• [What to produce]:
Omit all pictures, and print word for word only the lines from the one containing "The cart movement on" through the end of the data.

##### Input data #####

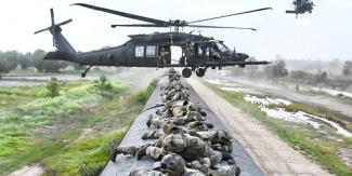 Στην παρακάτω φωτογραφία μέλη της 1ης ομάδας ειδικών δυνάμεων του Στρατού των ΗΠΑ πραγματοποιούν επίθεση από ελικόπτερο σε ένα κινούμενο τρένο. Σε αυτή την περίπτωση, το πολεμικό ελικόπτερο MH-60M που ανήκει στο αμερικανικό Σμήνος Αεροπορίας Ειδικών Επιχειρήσεων, χρησιμοποιείται ως πλατφόρμα παράδοσης ομάδας επίθεσης.
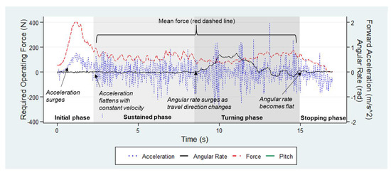 The cart movement on the L-shaped track was divided into four phases: initial, sustained, turning, and stopping (Figure 3). The four motion phases were determined post hoc using forward-acceleration and angular-rate data collected by the attitude/heading reference sensor. The “Segmented” package in the R project [39] was employed to detect the breakpoints where the linear relations between the acceleration/angular rate and time changed (Figure 3). The mean force over the sustained and turning phases, which constituted the majority of the cart movement, was obtained as the primary outcome measure of the ROF for statistical analysis. The required operating time (ROT) to finish the course of motion on the track was recorded as a measure of productivity.
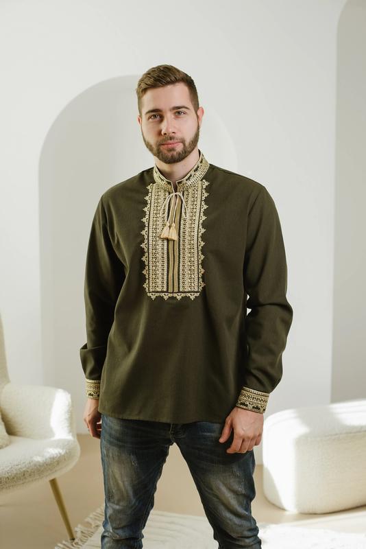 Чоловіча вишита сорочка вишиванка хакі льон Замовити можна через шафу або післяплатою (оплата при отриманні) Сучасна чоловіча вишиванка стане чудовим доповненням будь-якого гардеробу. Розмірна сітка остання фото, із задоволенням допоможемо підібрати ідеальний розмір! Розмір: S, M, L, XL, XXL Тип тканини: льон Склад тканини - 40% льон, 30% бавовна, 30% віскоза Вишивка: машина, гладдю Розмірна сітка (заміри по виробу)
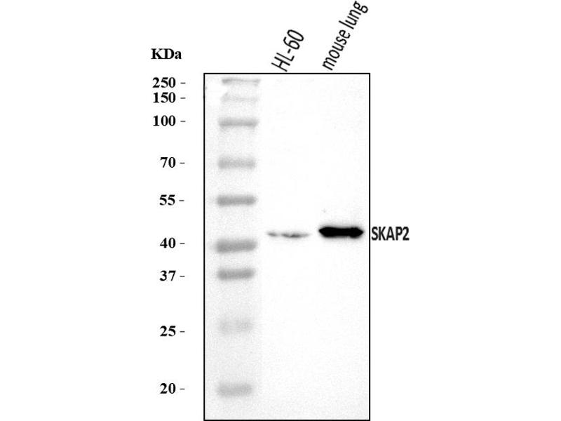 Background: Src kinase-associated phosphoprotein 2 is an enzyme that in humans is encoded by the SKAP2 gene. The protein encoded by this gene shares homology with Src kinase-associated phosphoprotein 1, and is a substrate of Src family kinases. It is an adaptor protein that is thought to play an essential role in the Src signaling pathway, and in regulating proper activation of the immune system. This protein contains an amino terminal coiled-coil domain for self-dimerization, a plecskstrin homology (PH) domain required for interactions with lipids at the membrane, and a Src homology (SH3) domain at the carboxy terminus. Some reports indicate that this protein inhibits actin polymerization through interactions with actin assembly factors, and might negatively regulate the invasiveness of tumors by modulating actin assembly. Alternative splicing results in multiple transcript variants encoding different isoforms.

#####

• [Worked solution]:
 The cart movement on the L-shaped track was divided into four phases: initial, sustained, turning, and stopping (Figure 3). The four motion phases were determined post hoc using forward-acceleration and angular-rate data collected by the attitude/heading reference sensor. The “Segmented” package in the R project [39] was employed to detect the breakpoints where the linear relations between the acceleration/angular rate and time changed (Figure 3). The mean force over the sustained and turning phases, which constituted the majority of the cart movement, was obtained as the primary outcome measure of the ROF for statistical analysis. The required operating time (ROT) to finish the course of motion on the track was recorded as a measure of productivity.
 Чоловіча вишита сорочка вишиванка хакі льон Замовити можна через шафу або післяплатою (оплата при отриманні) Сучасна чоловіча вишиванка стане чудовим доповненням будь-якого гардеробу. Розмірна сітка остання фото, із задоволенням допоможемо підібрати ідеальний розмір! Розмір: S, M, L, XL, XXL Тип тканини: льон Склад тканини - 40% льон, 30% бавовна, 30% віскоза Вишивка: машина, гладдю Розмірна сітка (заміри по виробу)
 Background: Src kinase-associated phosphoprotein 2 is an enzyme that in humans is encoded by the SKAP2 gene. The protein encoded by this gene shares homology with Src kinase-associated phosphoprotein 1, and is a substrate of Src family kinases. It is an adaptor protein that is thought to play an essential role in the Src signaling pathway, and in regulating proper activation of the immune system. This protein contains an amino terminal coiled-coil domain for self-dimerization, a plecskstrin homology (PH) domain required for interactions with lipids at the membrane, and a Src homology (SH3) domain at the carboxy terminus. Some reports indicate that this protein inhibits actin polymerization through interactions with actin assembly factors, and might negatively regulate the invasiveness of tumors by modulating actin assembly. Alternative splicing results in multiple transcript variants encoding different isoforms.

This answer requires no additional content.